A private model for the Chinese bus industry, a leading Baima leader with long-term investment value: Yutong Bus is a private benchmark in the Chinese bus industry. After more than 60 years of self-innovation, it has a rich corporate culture and brand heritage. The company continues to focus on R&D and innovation, forward-looking layout of new energy sources and international markets, and actively seizing low-carbon development opportunities for global public travel. The company has always attached importance to shareholder returns and is committed to establishing a long-term stable dividend mechanism. Since its listing, it has accumulated cash dividends of 23.8 billion yuan, with a dividend rate of 75%, showing strong long-term investment value attributes.

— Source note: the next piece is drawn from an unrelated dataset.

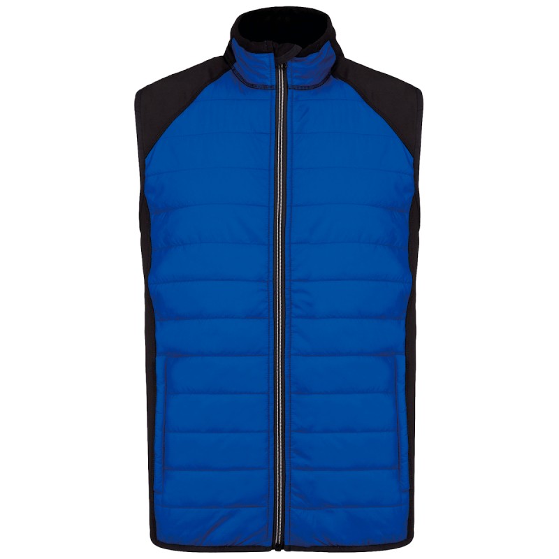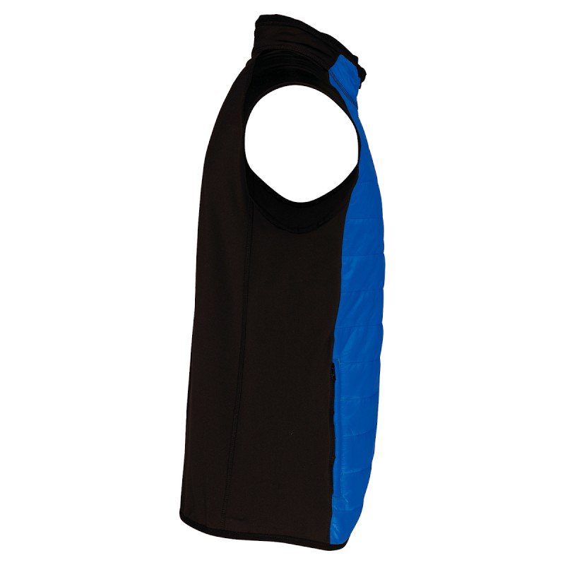Extérieur : corps 100% polyamide ripstop avec traitement déperlant, côtés et dos 90% polyester / 10% élasthanne. (Marl Grey/ Sporty Navy : 100% polyester). Garniture intérieure 100% polyester. Matière ultra confortable. 2 poches zippées devant. Fermeture zippée contrastée. Biais élastiqué aux emmanchures et au bas du vêtement. 1 zip côté cœur pour accès personnalisation.
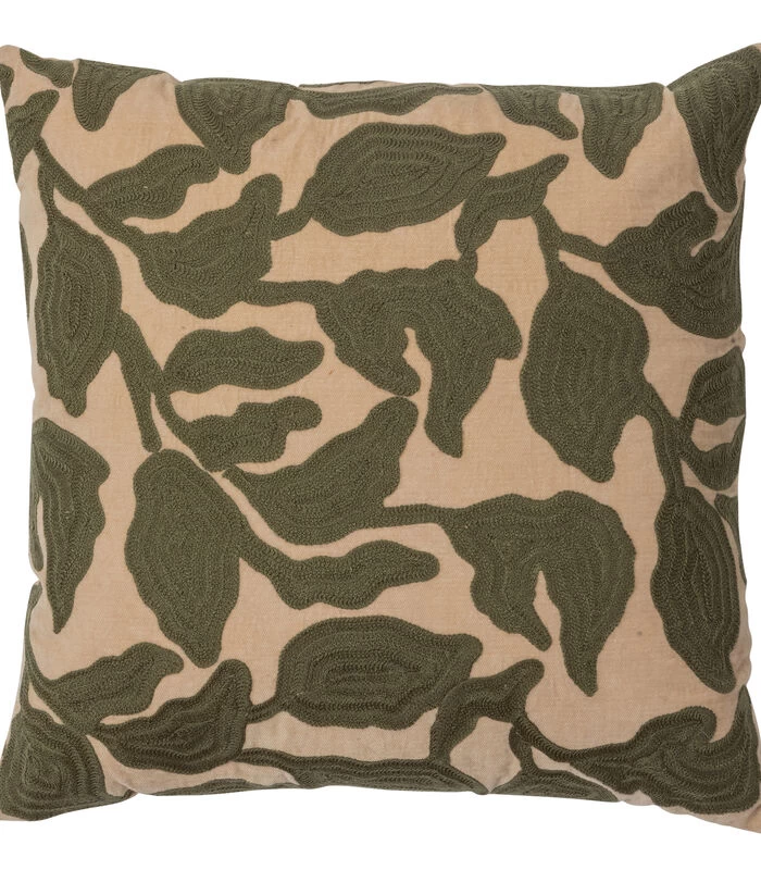 Breng sfeer in jouw zithoek met dit sprekende kussentje. Sierkussen Plant heeft een formaat van 45×45 cm. De kussenhoes is gemaakt van 100% katoen en heeft een zachte poederkleur met een donkergroen gekleurde bladeren print. De vulling bestaat uit 100% polyester.

Going overseas has begun a new growth cycle, and there is plenty of room for new energy growth: China's annual demand for buses exceeds 0.4 million vehicles, of which large and medium buses account for more than 30%. Large and Chinese customers account for nearly 40% of exports, and it has become one of the main sources of demand. Overseas demand is around 0.25 million vehicles, developed regions are stable, developing regions continue to expand, and new energy sources bring structural growth opportunities. In the past, China's share of overseas markets was about 10%, and the share of new energy sources exceeded 40%. In recent years, with the surge in demand for new energy sources, China's overall overseas market share has increased to 14%. It is expected to continue to grow in the future, unleashing export potential. The average export price of new energy buses is nearly three times that of traditional fuel vehicles, and exports are expected to continue the sharp rise in volume and price.
The market share remains absolutely leading, and the quadruple advantage has built a deep moat: the company is significantly ahead in terms of market share, domestic passenger car share exceeds 50%, exports exceed 20%, new energy export share continues to increase, and Europe's contribution is increasing effectively. We believe that the company's competitive advantage mainly comes from: 1) leading sales team size and accelerated expansion of overseas channels; 2) high R&D investment, full market segmentation, and continuous brand upgrading; 3) accelerated depreciation of fixed assets, gradual inflection point of expenses, overall industry chain layout, superposition in Henan, with significant advantages in manpower and transportation costs; 4) In the past, many equity incentives are closely tied to the interests of the company, and the high proportion of dividends is expected to continue.
The year-end catalyst is approaching, the growth logic is clear, and high dividends increase allocation appeal: In the short term, domestic trade-in policies promote the release of demand for new energy buses, and new energy export orders continue to be strong. Export performance is expected to be good at the end of the year, and the share of new energy is expected to increase significantly in the fourth quarter. In the medium to long term, domestic structural optimization and high-end technology continue to advance, and there is plenty of room for overseas new energy growth. As the world's leading new energy bus company, the company is expected to fully enjoy the dividends of the industry. Against the backdrop of increased profits and low capital expenditure, high dividends are expected to continue. The current dividend rate exceeds 8.0%, which is the target of scarce dividends.
Profit forecast: In 2024-2026, the company is expected to achieve revenue of 33.94, 39.58, 44.04 billion yuan, and net profit of 3.43, 4.19, and 4.77 billion yuan to mother, maintaining the “recommended” rating.
Risk warning: Increased industry competition; fluctuating raw material prices; risk of trade barriers such as tariffs.